Chronic Prostatitis/Pelvic Pain Syndrome

Chronic prostatitis/pelvic pain syndrome is a potentially debilitating condition diagnosed in the presence of chronic pelvic pain and lower urinary tract symptoms.

30% of all men have such symptoms at some time in their life and 8% of patients referred to urologists are diagnosed with chronic prostatitis/chronic pelvic pain syndrome.

The cause of chronic prostatitis/chronic pelvic pain syndrome is not clear although inflammatory and infective causes have been closely studied. Non-infective inflammatory causes which have been postulated include intra-prostatic reflux of urine and sperm which are immunogenic and which set up inflammatory responses. Links to psychosomatic illness secondary to stress, anxiety and depression may be found in some men.
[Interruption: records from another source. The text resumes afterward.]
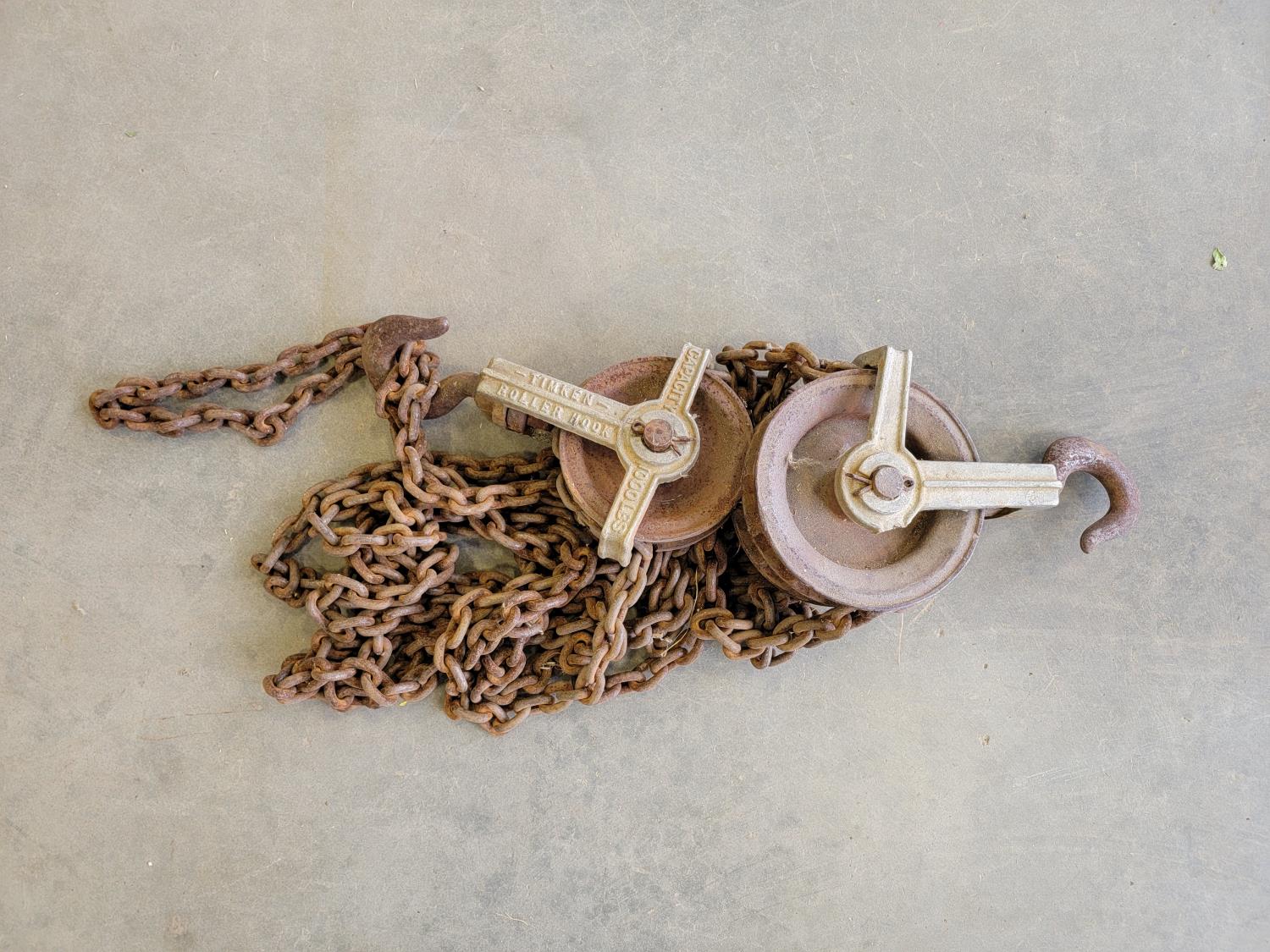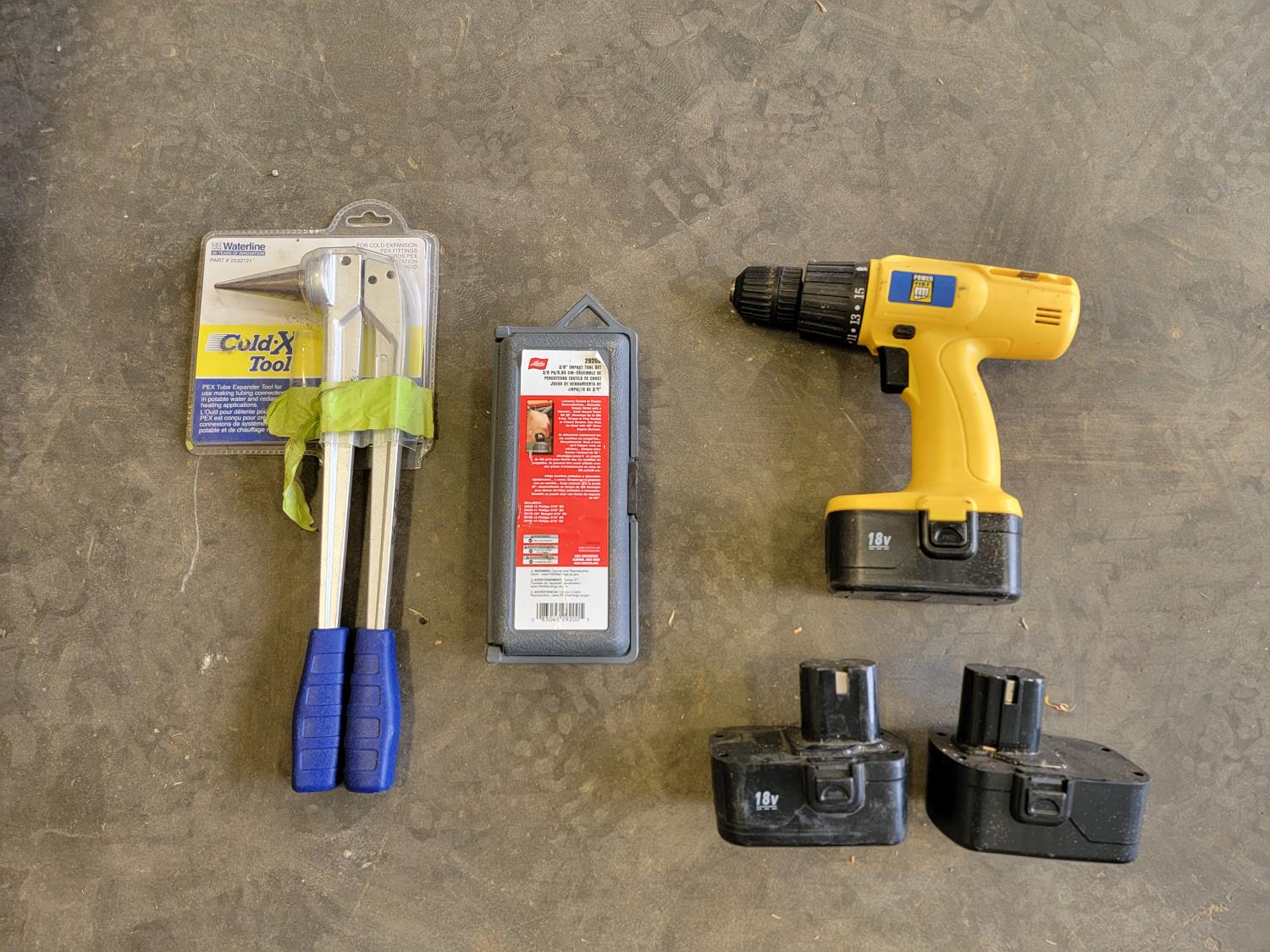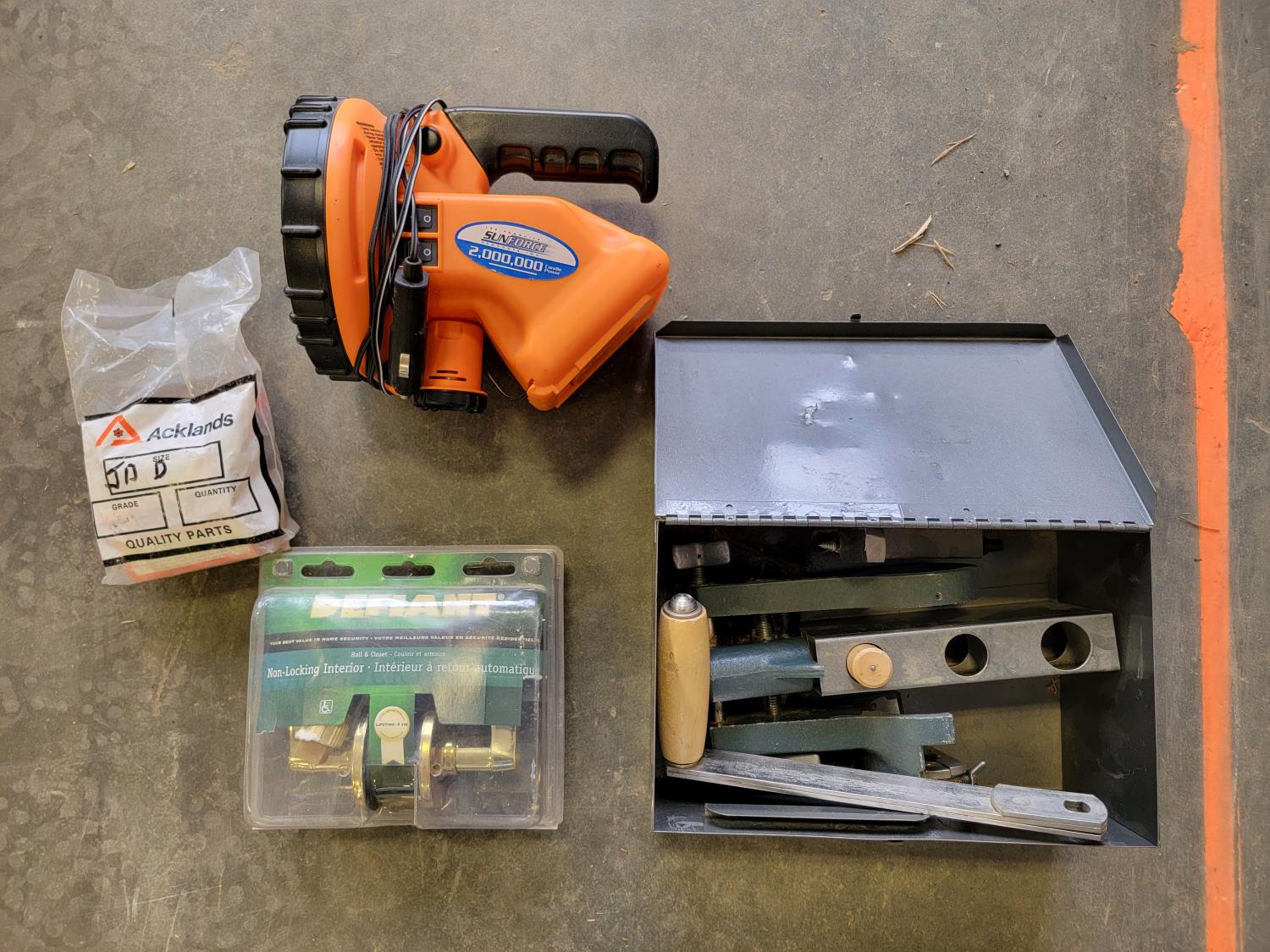 Various hardware, Timken roller hook, Power Fist 18V cordless drill, Cold-X tool, Sunforce spot light, hydraulic cylinders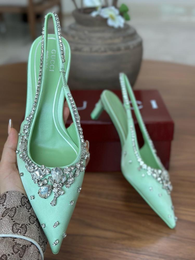 Gucci green crystal-embellished closed-toe mid-heel sandal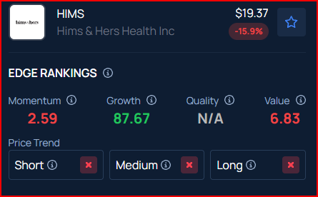 Benzinga’s Edge Rankings place Hims & Hers in the 87th percentile for growth and 7th percentile for value, reflecting its mixed performance. Benzinga’s screener allows you to compare Hims & Hers performance with its peers.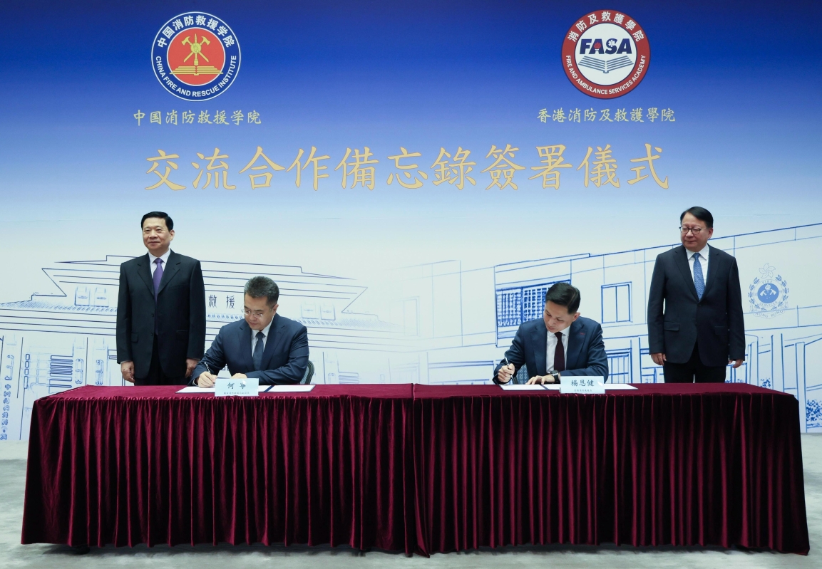 圖源:政府新聞處 此外,香港消防及救護學院與中國消防救援學院簽署交流合作備忘錄,旨在進一步深化合作,共同培訓高水準的消防救援人才,並推動消防救援技術的創新與發展。合作備忘錄由國家消防救援局副局長何寧以及消防處處長楊恩健簽署,並由王祥喜和署理行政長官陳國基見證。 兩地消防救援部門將在聯合培訓人才、深化專業訓練、學術與技術交流和重大課題研究等方面進一步鞏固和深化合作關係,共同開啓消防救援事業發展新篇章。 (完) 【編輯:譚暢】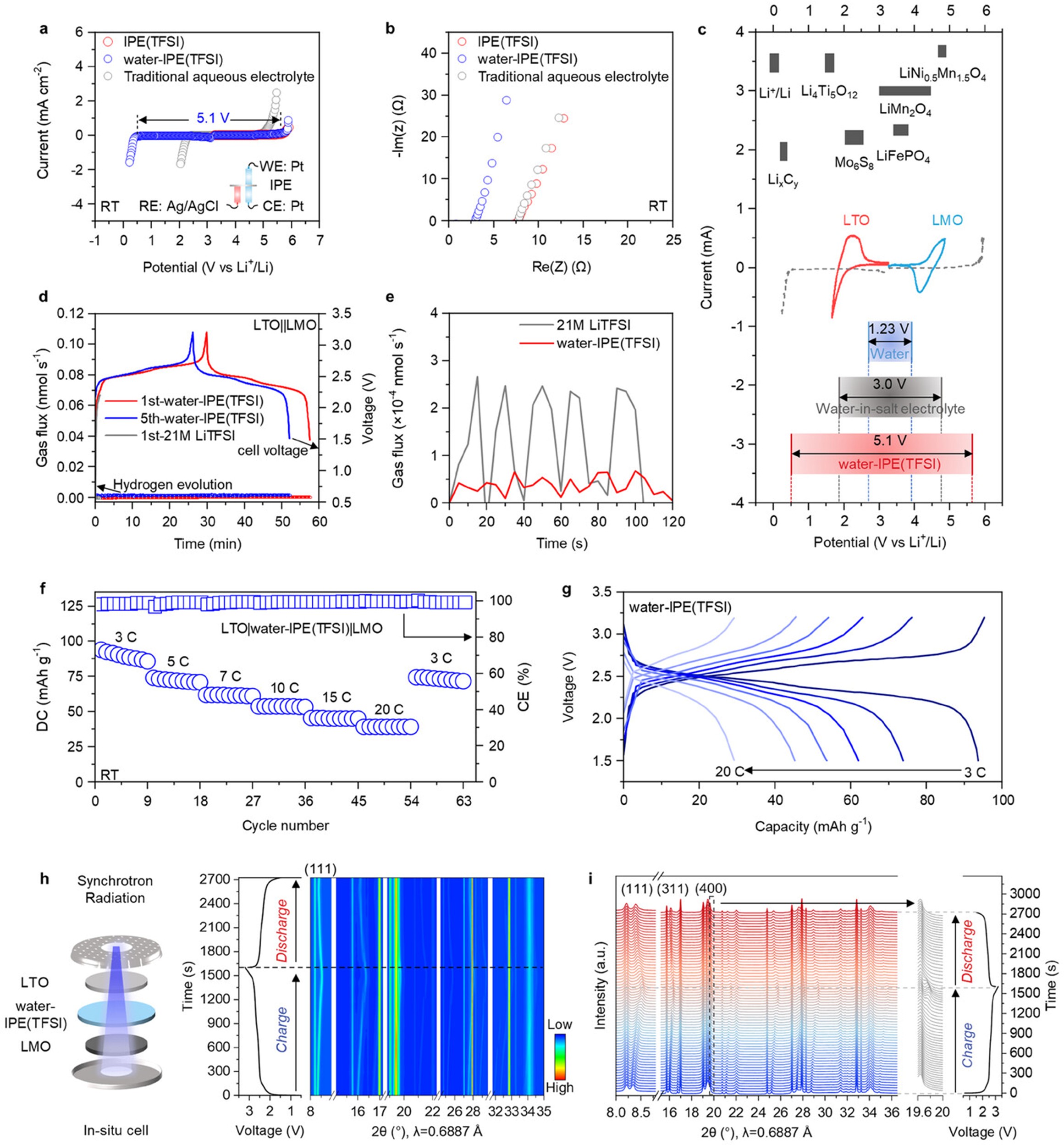图2.通过电化学分析和原位同步辐射广角X射线衍射表征,探索water-IPE(TFSI)在ALIBs中的应用潜力。

Only 5%-10% of men are diagnosed with an infective cause by urine testing but most patients may be treated empirically with antibiotics.

Chronic Prostatitis/Pelvic Pain Syndrome
Symptoms

Lower urinary tract symptoms – obstructive and irritative
Pelvic, groin, perineal pain, rectal and low back pain. Pain after ejaculation.
Exposure to sexually transmitted disease, eg Chlamydia and gonorrhoea.

Investigations

MSU urine test and possible testing for chlamydia and gonorrhoea
Be wary of PSA levels taken during inflammatory flares as artefactual elevation may occur.
Post prostatic massage urine collection for microscopy and culture, looking for pus cells and organisms.
Unfortunately it is usually only of limited usefulness.
Ultrasound urinary tract and post void residuals.

Treatment

Targeted at symptomatic relief.
Education, reassurance and lifestyle modification.
Stress relief, dietary modification – avoidance of alcohol, caffeine, spicy food, carbonated drinks and acidic drinks.

Antibiotics
trial for 2 to 4 weeks Keflex 500mg four times daily
or
Trimethoprim 300mg daily
or
Ciprofloxacin 500mg bd
or
Norfloxacin 400mg bd
and/or
Doxycycline 100 mg daily for 3 weeks.
Doxyclycline is used less often. Ciprofloxacin has been associated with skin reactions and tendonitis and very rare neurological side effects.

Other agents such as metronidazole, which may be trialled to target rare and controversial infective aetiologies ( i.e. they are not easily able to be cultured ) such as trichomonas vaginalis and urealasma urealyticum.

Alpha blockers

Tamsulosin ( Flomaxtra 1 mane after food ) or 1-2 Prazosin daily ( starting at 0.5mg bd and titrated to minimize effects on blood pressure.)

Non steroidal anti-inflammatories such as nurofen and voltaren

After warning of GI side effects.

Herbal preparations

Saw palmetto, extract of the berry of the American Dwarf palm.

Prostatic disengorgement

Ejaculation or prostatic massage.
Mucolytic agents such as Bisolvon.

Chronic pain team referral

Pelvic floor physio for investigation of trigger point treatment
For patients with debilitating symptoms which fail all above interventions.